# What is the name of the ishn ryu weapons training



## Jim1174 (Jun 10, 2016)

What is the name of the weapons training used in ishn ryu?


----------



## Midnight-shadow (Jun 10, 2016)

Isshin-ryū - Wikipedia, the free encyclopedia


----------



## Chris Parker (Jun 10, 2016)

Jim1174 said:


> What is the name of the weapons training used in ishn ryu?



You'll need to be a bit more specific… Isshin Ryu is not exactly an uncommon name for martial systems. The one linked by Midnight-shadow above is the Okinawan karate system (and there, the weapon system is referred to as "kobudo", as many Okinawan/Ryukyu weapon arts are)… however, there is also Isshin Ryu Kusarigamajutsu taught as part of the fuzoku ryu-ha (assimilated systems) associated with Shinto Muso Ryu Jodo/jojutsu. There is also an Isshin Ryu which focuses on Naginatajutsu and Bojutsu… and a number of other arts that use the name (often with the same kanji, sometimes different ones).


----------



## MI_martialist (Jun 10, 2016)

I wonder why it is called kobudo.  What does kobudo have to do with weapons?  Kobudo in old terms is bujutsu.  Now bujutsu has everything to do with weapons.


----------



## Bill Mattocks (Jun 10, 2016)

Jim1174 said:


> What is the name of the weapons training used in ishn ryu?



Isshinryu (or Isshin Ryu), the Okinawan karate system founded by Shimabuku Tatsuo Soke, has an integrated kobudo or weapons system.  It does not have a name, per se.  

As most karateka know, the word 'karate' by itself means 'empty hand' (it once meant 'China hand').  Therefore, technically no karate system would have a kobudo component to it.  But Isshin Ryu has one.

It consists of the bo, sai, and tuifa (tonfa).  There are several kata for each, except for tuifa, for which there is only one kata.

Now, having said that, one of Shimabuku Soke's students, Tokumora Kensho Sensei, has developed his own style of kobudo, known as Tokushinryu Kobudo.

Tokushinryu Kobudo -

This is an extensive system that uses a larger number of Okinawan weapons, and kata which were created by Tokumora Sensei himself (for the most part).

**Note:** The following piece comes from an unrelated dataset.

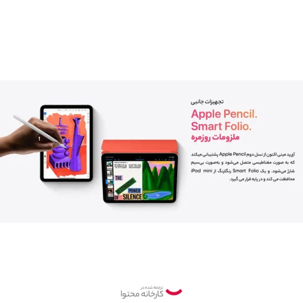در 14 سپتامبر 2021 شرکت اپل برای اولین بار از یک آیپد جدید با ابعادی کوچکتر رونمایی کرد. آیپد مینی 2021 در 4 رنگ بسیار زیبا و خاص بنفش، خاکستری، رز گلد و گلد تولید شده است. آیپد مینی 2021 اپل دارای صفحه نمایش 8.3 اینچی لیکوئید رتینا است. طراحی نمایشگر تمام صفحه با کمترین حاشیه و به اصطلاح All Screen این امکان را به شما میدهد تا تصاویری خارقالعاده با طیف رنگی گسترده P3 را در صفحه آیپد مینی 8.3 اینچی 2021 به صورت کاملاً واضح، قابل لمس و شبیه به واقعیت ببینید. برای این مدل یک سنسور اثرانگشت در کناره قاب آیپد تعبیه شده است که علاوه بر تضمین امنیت آیپد شما از سرعت بسیار بالایی برخوردار است. تراشه A15 بایونیک، دارای سی پی یوی 40% سریعتر، گرافیک 80% قویتر نسبت به نسل گذشته است که تاکنون تولید و روانه بازار شدهاند. آیپدمینی 2021 دارای یک کانکتور (USB-C) با پشتیبانی از DisplayPort است که میتوانید به وسیله آن انواع لوازم جانبی و اکسسوری های مختلف از جمله دوربین ها، نمایشگر ها و بسیاری از موارد دیگر را به راحتی و بدون دردسر به آن متصل کنید.
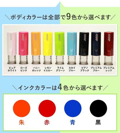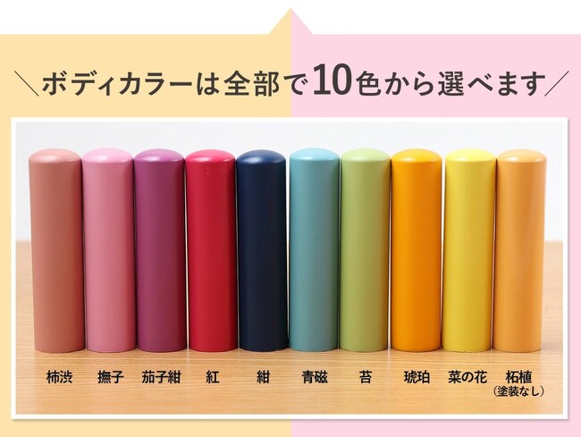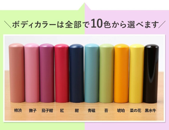 はんこのタイプはこちらの3種類。荷物の受け取りやサイン代わり、お子さまの連絡帳などに使えるセルフインクタイプは9色のボディーカラー、4色のインクカラーより選べます。銀行登録にも使える木彫り・水牛タイプはそれぞれ、「青磁」や「琥珀」といった日本の伝統色を表現した10色より選べます。すべて選んだ印面と同じデザインが楽しめるかわいい筒型ケースが付属します。

I am currently studying it, although I am not yet a member of the organization and I hold no rank in that system.  Our dojo has affiliated with Tokushinryu Kobudo and we will eventually be gaining rank in that system, I presume.

Since Tokumura Sensei was a first-generation student of Shimabuku Soke and is a very good friend of Isshin Ryu karateka around the world, it's not uncommon to see the two systems side-by-side.  However, not all Isshin Ryu karateka study a separate kobudo system, and of those that do, not all of them study Tokushinryu Kobudo.

I hope that answers your question.


----------



## Chris Parker (Jun 11, 2016)

MI_martialist said:


> I wonder why it is called kobudo.  What does kobudo have to do with weapons?  Kobudo in old terms is bujutsu.  Now bujutsu has everything to do with weapons.



It's called Kobudo because it's called Kobudo… it's the weaponry systems of Okinawa, many of which predate the formalisation of most of the karate systems… so it's a reference to the fact that, when it comes down to it, the weaponry methods are the "old" priorities, the karate is more recent.

However… Kobudo in old terms is not bujutsu… they are two differing terms. In Japanese arts, Kobudo, Kobujutsu, Koryu are all used fairly interchangeably… similarly, when talking about old systems, it's not uncommon to hear budo and bujutsu used without any real distinction. I also don't follow what you're meaning when you say "Now bujutsu has everything to do with weapons"… are you suggesting that bujutsu equals (Ryukyu) Kobudo? Er… no. The thing is, kobudo is a term that's applied differently in different contexts… when it's used in reference to Ryukyu (Okinawan) methods, it refers to weaponry systems, commonly based around sai, tonfa, kama, bo, and sometimes including tinbe, rochin, eku, and more. When used in reference to Nihon (Japanese) arts, it refers to old systems (Koryu, arts who predate the Meiji Restoration of 1868, in most cases… even that's not entirely clear cut). Confusing the two usages of the term is not realistic, accurate, or anything other than leading to confusion and misunderstandings.


----------